Plus, there was no outsider who is adopted into the family; unless you count the final season in which Leonardo DiCaprio joined the cast, but I figure most of us had stopped watching by that point.

The parents were intelligent, hard-working, and sensitive to the children’s psychological needs. Though that sounds like a pretty normal thing to feature on a family sitcom, it’s not.

Writers on sitcoms often can’t handle a happily married couple with kids. If nothing else, the writers have to kill off one of the parents.

Danny Tanner’s wife died after a drunk driver hit her, on Full House.
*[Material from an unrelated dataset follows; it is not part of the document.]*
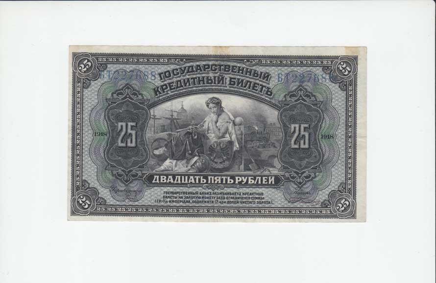 | 3703. | 25 Rubl 1918, Pick.39Aa, v reversu stopy lepu | 3 | 100,- | --.- |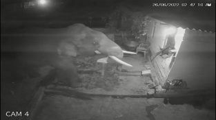 ตอนเย็นในหมู่บ้านทางตอนใต้ของอินเดีย, ช้างหิวทำลายหน้าบ้าน, มองหาอาหารในครัวด้วยความงวงของเขา.

Then DJ’s husband died while fighting fires, on Fuller House.

And then if both parents are still alive, the dad is by default, an idiot: Homer Simpson on The Simpsons, Al Bundy on Married with Children, Carl Winslow on Family Matters, Tim Allen on Home Improvement

I would actually argue that the Seavers were actually the most normal, life-like family in the past 30 years, in a sitcom. That’s the simple reason that I believe that Jason Seaver best represents me as a TV dad, and Maggie Seaver represents my wife.

Below is a related flow-chart asking, “Which T.V. Mom are you?”

(Because I fully recognize that the majority of the readers of my blog are not male, but instead female.)

Thanks to Berries.com for this graphic.

Which TV Mom Are You?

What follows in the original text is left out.